Ray Serve is executing the requests sequentially instead parallel even after configuring auto-scale

Here is the scaling configuration I am using

@serve.deployment(ray_actor_options={"num_gpus": 1},
    max_concurrent_queries=5,
    autoscaling_config={
        "target_num_ongoing_requests_per_replica": 1,
        "min_replicas": 0,
        "initial_replicas": 0,
        "max_replicas": 5,
    })
def app_builder(args:str) -> Application:
    return Inference.bind(args["modelpath"])

The command I am running in bash

serve run inf_file:app_builder modelpath=/home/models/layout/

Could you post a reproduction of the Inference deployment?

Could you use serve status to confirm that multiple replicas are running at once?

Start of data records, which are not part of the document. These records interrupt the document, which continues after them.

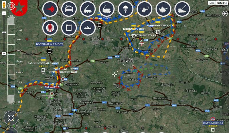 Taktika povstalců připomínala Velkou vlasteneckou válku, což ostatně pro opolčence i byla. Bojovali za své rodiny a za svou rodnou zem. Za cenu obětí a nesmírného úsilí zastavili armádní a žoldnéřskou ofenzívu pučistů z Kyjeva. Podívejte se na jejich situaci v tehdy obklíčené Gorlovce. A druhý krok této vpravdě "ruské" války je logický. Okamžitě rozvinout vlastní vojska a nastoupit do ofenzívy, nedat fašistickému protivníkovi vydechnout a konzolidovat jeho rozvrácené a demoralizované svazy. Protože nežijeme za časů Druhé války, pohyby na frontě byly ohromně rychlé. To ukazuje první obrázek obklíčení Debalceva ze 17. 9., kdy se začaly nůžky uzavírat.
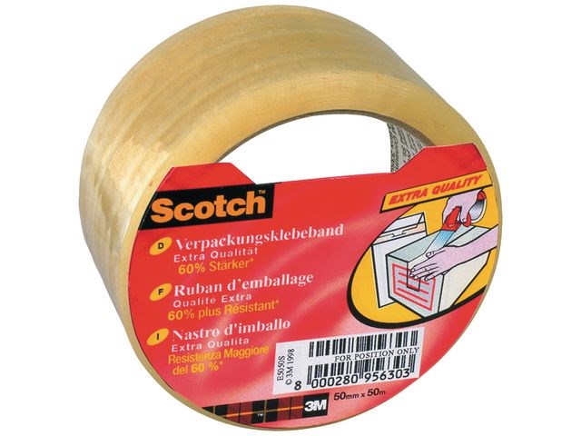 Den här extra hållbara packtejpen från Scotch har tyst upplindning och passar till lätta och medeltunga paket. Den är lätt att linda upp och kompatibel med de flesta hållare, vilket ger extra effektiv användning och bekvämlighet. Den här tejpen är idealisk för försegling av lätta till medeltunga paket. Tillverkningen är certifierad enligt BRC Global Standard för förpackning och förpackningsmaterial.
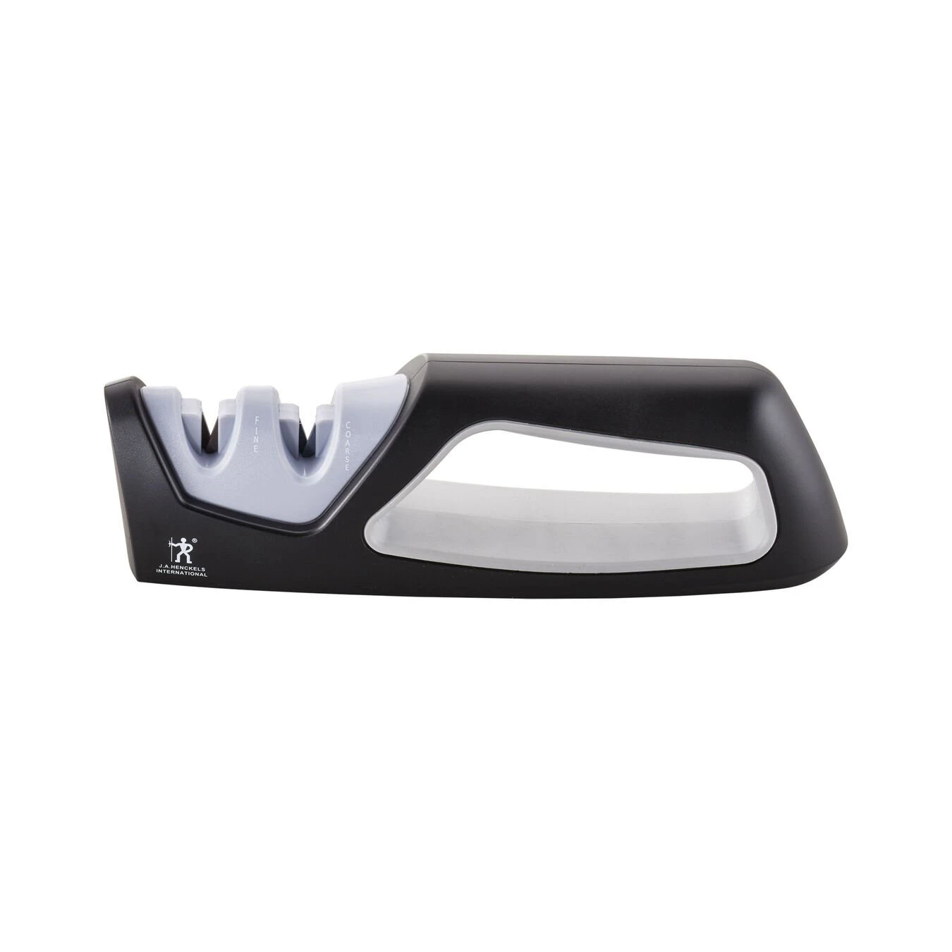 The handy J.A. Henckels Handheld Knife Sharpener offers a simple solution to knife care. Featuring both coarse and fine ceramic grits, you can maintain the sharp edge of your blade in one innovative tool. Labeled for easy use, the sharpener has an easy-to-hold handle that is contoured for comfort.Suitable for both left- and right-handed use, safety features include a unique grip that keeps fingers away from the knife blade and a non-slip rubberized bottom for stability. With this handheld knife sharpener, caring for your knives has never been easier. And longer-lasting knives make for happier home chefs.Henckels makes essential kitchen tools that every home chef needs. Each product offers high quality at an exceptional value. Created in 1895 by Zwilling J.A. Henckels, this value-driven brand guarantees the same durability, design and ease of use for which the global company is known. Equip your kitchen with expertise with Henckels.
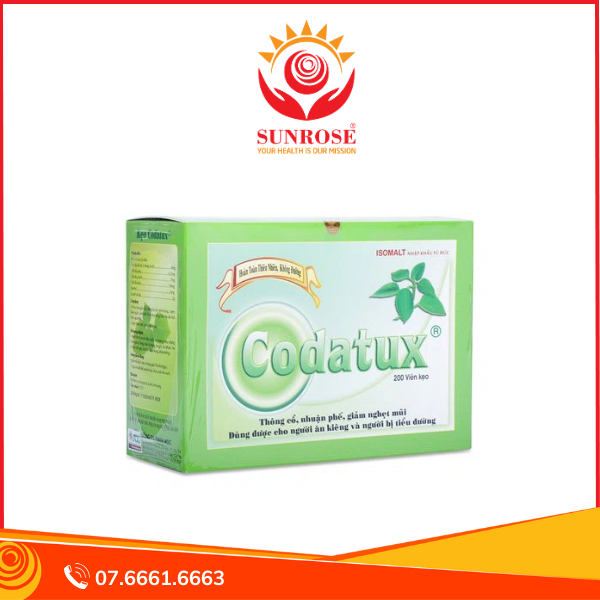 Viên ngậm Codatux là sản phẩm hoàn toàn từ thiên nhiên, được chế xuất từ hỗn hợp các loại tinh dầu, có tác dụng giảm các triệu chứng ho do viêm họng, viêm thanh quản, cảm lạnh, kích ứng họng hầu, ho do hút thuốc lá quá nhiều. Giúp nhuận phế, giảm nghẹt mũi một cách hiệu quả.

So I checked the inference status, actually I am providing 5 max replicas as you can see in my initialisation, but only 3 working at a time, in general i am hitting 40 request at the same time and each inference takes about 2 seconds

Can you suggest me something which can make max replicas getting used at the same time

To clarify:

  • The application receives 40 QPS
  • Each inference takes 2 seconds
  • target_num_ongoing_requests_per_replica=1

With this configuration, I’d expect all 5 replicas to be running since target_num_ongoing_requests_per_replicas is 1. Does you application consistently receive 40 qps, or does it only receive that in short bursts?

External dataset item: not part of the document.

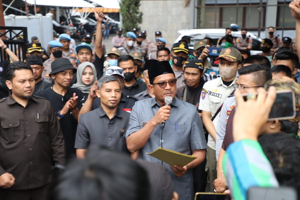 GARUT – dr. Helmi Budiman, Wakil Bupati Garut menghadiri audiensi yang dilakukan Komponen Penyedia jasa transportasi yang tergabung dalam Aliansi Driver Online Garut Bersatu atau ADOGB kemarin di gedung DPRD Garut. Audiensi ini terkait kenaikan harga Bahan Bakar Minyak (BBM) bersubsidi yang telah diputuskan oleh pemerintah pusat naik pada 3 September 2022 lalu.
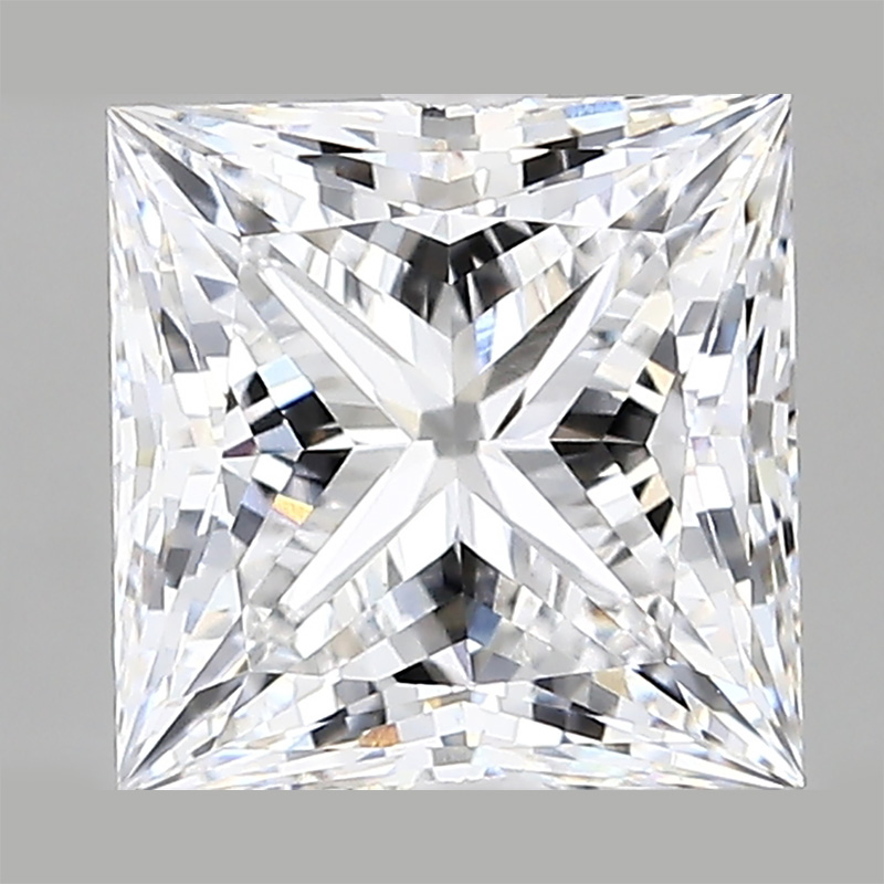 A labexcellentcreated 2.52 carat, princess brilliant cut diamond, color grade D (colorless), clarity grade VVS2 (very very slightly included).A type IIa diamond certified by the International Gemological Institute (IGI).

You could try reducing the upscale_delay_s, so the application scales up quicker.

1 Like

Since I am using joblib to hit all 40 at the same time, I don’t think it is exactly the same time, the time differs, and maybe that is causing the issue, I will check with upscale_delay_s and downscale_delay_s once and let you know.

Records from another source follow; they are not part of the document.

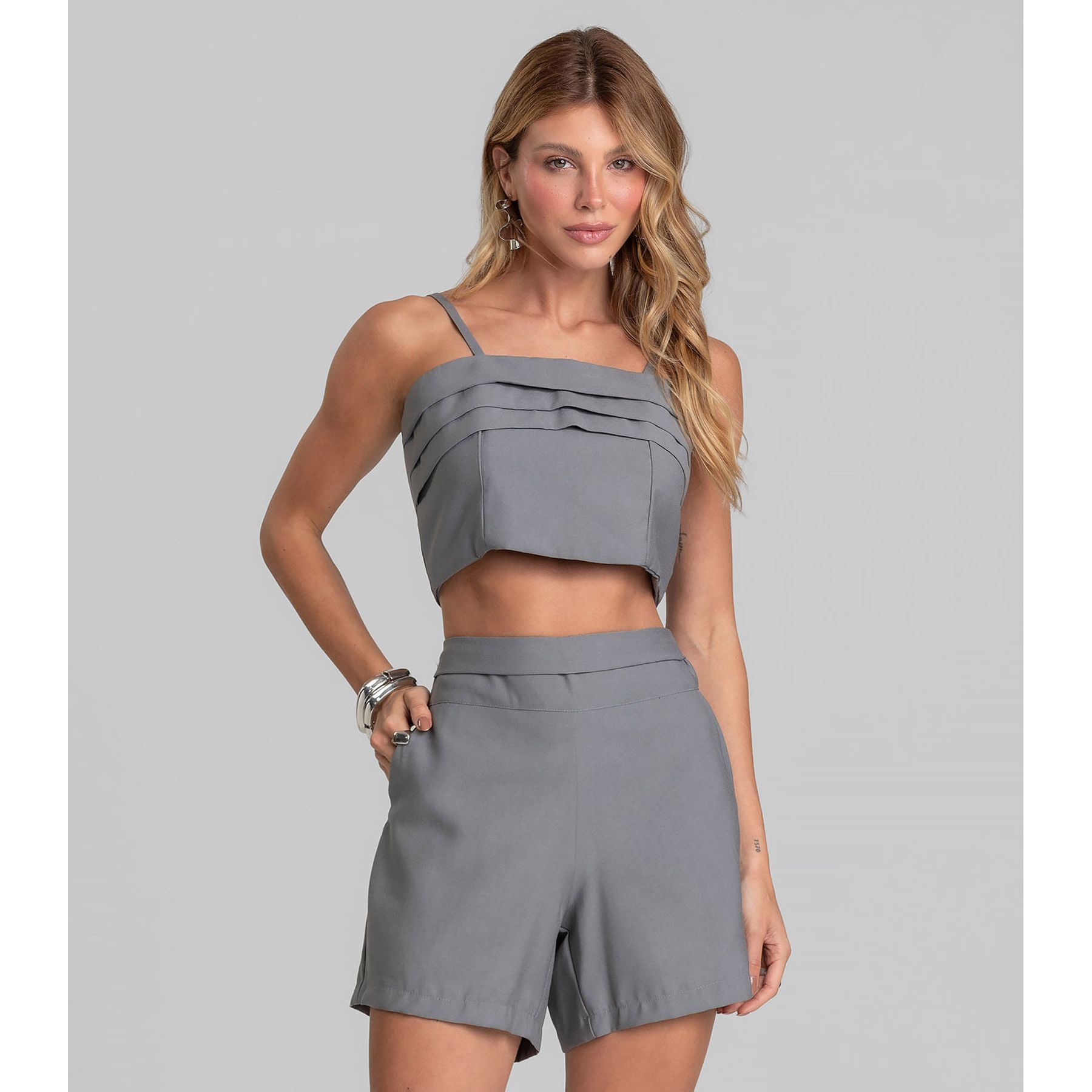 Short Feminino Curto Liso Cinza Claro - Norton
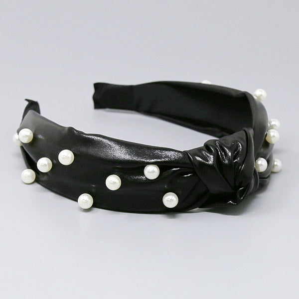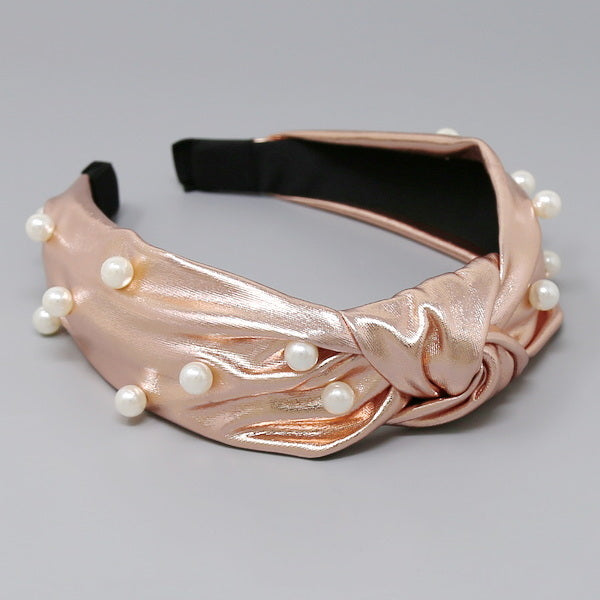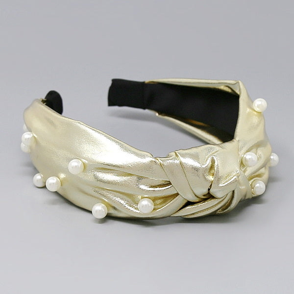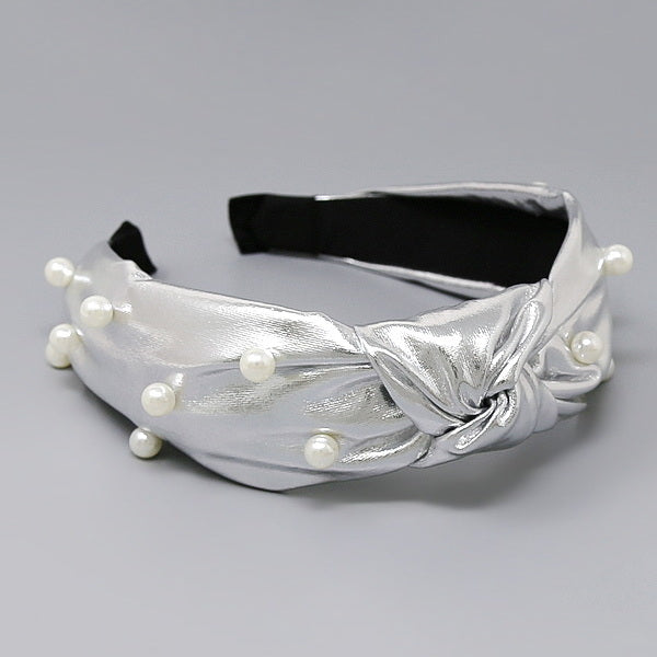 Pearl Embellished Metallic Front Knot Headband
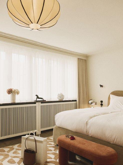 Copenhagen has long been at the forefront of cool Scandinavian design, but the new 109-room HOTEL BELLA GRANDE feels extra special. The 1899 building’s vanilla facade and butterscotch awnings invite you inside, where the interiors are relaxing and creamy, with accents of rich reds and browns across the tiling, upholstery, and textiles. Contemporary touches include Tom Dixon lamps, Polspotten side tables, and bespoke vanities made by Københavns Møbelsnedkeri. Owners Cofoco (Copenhagen Food Collective) and design firm the Tonen Agency took inspiration from a visit to a Venetian palazzo and its open-air courtyard, and the Italian feel is matched by its lively restaurant, Donna, which spills from the dining rooms into the atrium. No matter how much burrata, ravioli, and Milanese chicken you eat here, you cannot miss their showstopping dessert: a generous pavlova with lashings of cream, berries, and strawberry sorbet. The restaurant is a visual treat too, with a blood red ceiling and luscious pink curtains. There’s also a chilled cocktail lounge to retire to later in the evening. hotelbellagrande.com.

So, I checked As you suggested, Played around with the number in upscale_delay_s, and it seems like the max number that I am writing in the config, Ray is trying to always keep less than that, For example when I wrote max_replicas and max_concurrent_queries as 8, I was able to see 4 replicas and 4 request getting executed at the same time, but that’s not the case when I write 5, also
Here is my current config

@serve.deployment(ray_actor_options={"num_gpus": 1},
    max_concurrent_queries=5,
    autoscaling_config={
        "target_num_ongoing_requests_per_replica": 1,
        "min_replicas": 0,
        "initial_replicas": 2,
        "max_replicas": 5,
        "upscale_delay_s": 0.1,
        "downscale_delay_s": 10
    })

Still, even though I am providing it with 5 replicas, it only creates 3 replicas, Am I doing something wrong?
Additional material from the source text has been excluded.